- Iloffa Iloffa
- Coordinates: 8°06′25.2″N 5°08′16.8″E﻿ / ﻿8.107000°N 5.138000°E
- Country: Nigeria
- State: Kwara
- LGA: Oke Ero

Government
- • Alofa of Iloffa: HRM Oba Samuel Niyi Dada Okinbaloye Aponbiepo II
- Time zone: UTC+1 (WAT)

= Iloffa =

Iloffa is a Yoruba town in Kwara State, Central Nigeria. It originated from Ile-Ife and currently the headquarters of Oke Ero local government. Iloffa is about 80 kilometers away from Ilorin, the state capital.

== History ==
The history of Iloffa is that of people with a common origin, a common purpose and a common destiny. Like all other Yoruba speaking communities in the world, the founder of Iloffa, Are, a hunter came from Ile-Ife. When Are left Ile-Ife, he carried along with him kolanuts, okro seeds and some quantity of soil. He settled at the feet of a mighty rock (which he later named Egunpe) where he poured some quantity of soils he brought from Ile-Ife and named the spot "Maare". He established his first market on this spot and the place is still used as a market place up till now.

Are being a hunter was very proficient in the making, sharpening and medication of arrows. These works he carried out on the Egunpe rock where he had carved out pot holes to serve as container for the poison concoction used for medicating the arrows. He soon became so popular that he drew very large customers from other settlements near and far. It was on the note of this that the growing customers started saying "Mo nlo ilu ti won nlo ofa" (meaning I am going to where arrows are sharpened). Thus Ilu-Offa was born. Due to his exceptional ability in preparing poisoned arrows commonly used at that time during wars and hunting expedition, people like to live with or close to Are.

== Climate ==
In Iloffa, the dry season is hot, muggy, and partly cloudy whereas the wet season is warm, and overcast. The average annual temperature ranges from 62 to 91 degrees Fahrenheit, with lows of 56 and highs of 97 degrees being rare.

From January 23 to April 11, the hot season, with an average daily high temperature exceeding 89°F, lasts for 2.6 months. Iloffa experiences its warmest weather in March, with an average high temperature of 91°F and low temperature of 71°F.
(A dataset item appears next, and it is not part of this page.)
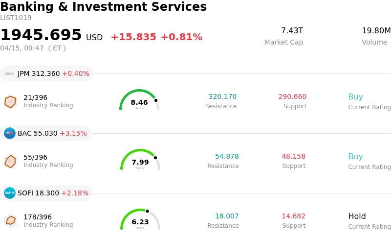 Morgan Stanley (MS) opened up by 3.09%. The Banking & Investment Services sector is up by 0.81%. The company outperformed the industry. Top 3 stocks by turnover in the sector: JPMorgan Chase & Co (JPM) up 0.40%; $Bank of America Corp(BAC-N)$ (BAC) up 3.15%; SoFi Technologies Inc (SOFI) up 2.18%.
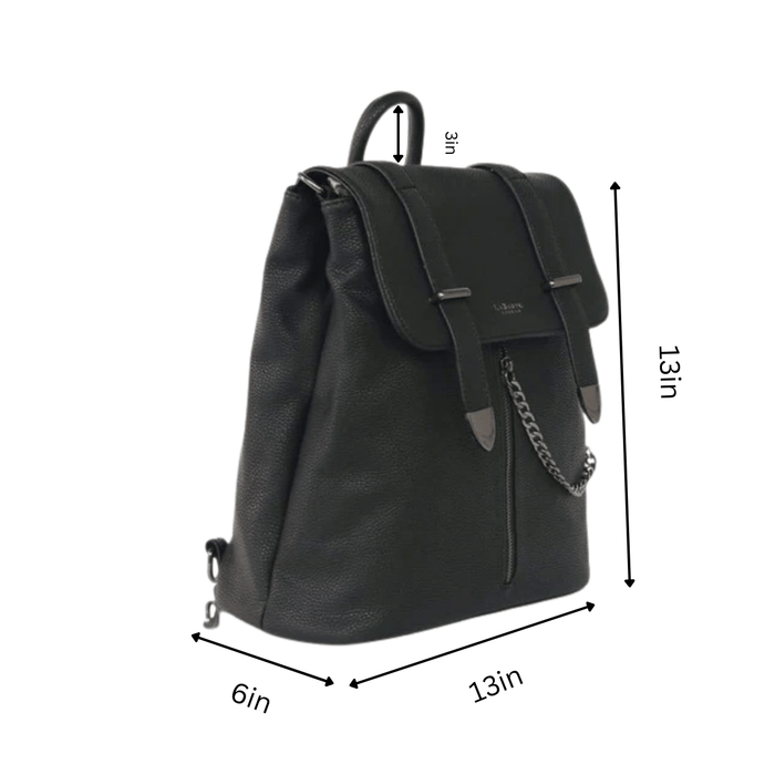 The versatile Agnes Ladies backpack from LaBante London, is the perfect Vegan Faux Leather Designer Backpack for your everyday needs, whether for work or travelling, you will find the double inner compartments spacious. For comfort the backpack comes with two fastening belts so it’s easy to adjust to fit. An attached chain from the center zip puller adds a touch of style and femininity to this gorgeous womans rucksack. This backpack also fits a 13 inch macbook laptop.

From June 21 to October 15, the cool season, which has an average daily high temperature below 82°F, lasts for 3.8 months. With an average low of 68°F and high of 80°F, August is the coldest month of the year in Iloffa.

== Economy ==

The main occupation of the people is agriculture. The vegetation of Iloffa is so distinct from that of the surrounding towns that by mere descriptions as the only forested land to the South-Eastern part of Ilorin, Kwara state capital, one can easily discern that the people are predominantly farmers. The food include Yams, Corn, Beans, Cassava and Bananas while the cash crops are Kolanut, Cocoa, Sugar-cane and Palm produce. The by-products of some of these crops are so popular within the state that people come from far and near to buy and sell to other communities. Such by-products are palm-oil and Adin.

== Culture ==

Iloffa like any other Yoruba town or village has no different culture. However, the life of the people is varied by many festivals. Some of these festivals are ARE and EGUNGUN (all these take place between March and May of every year) and Odun ijesu (new Yam Festival) which takes place towards the end of June of every year. All these festivals are celebrated after all the farmers have planted their crops and have tilled the land round them.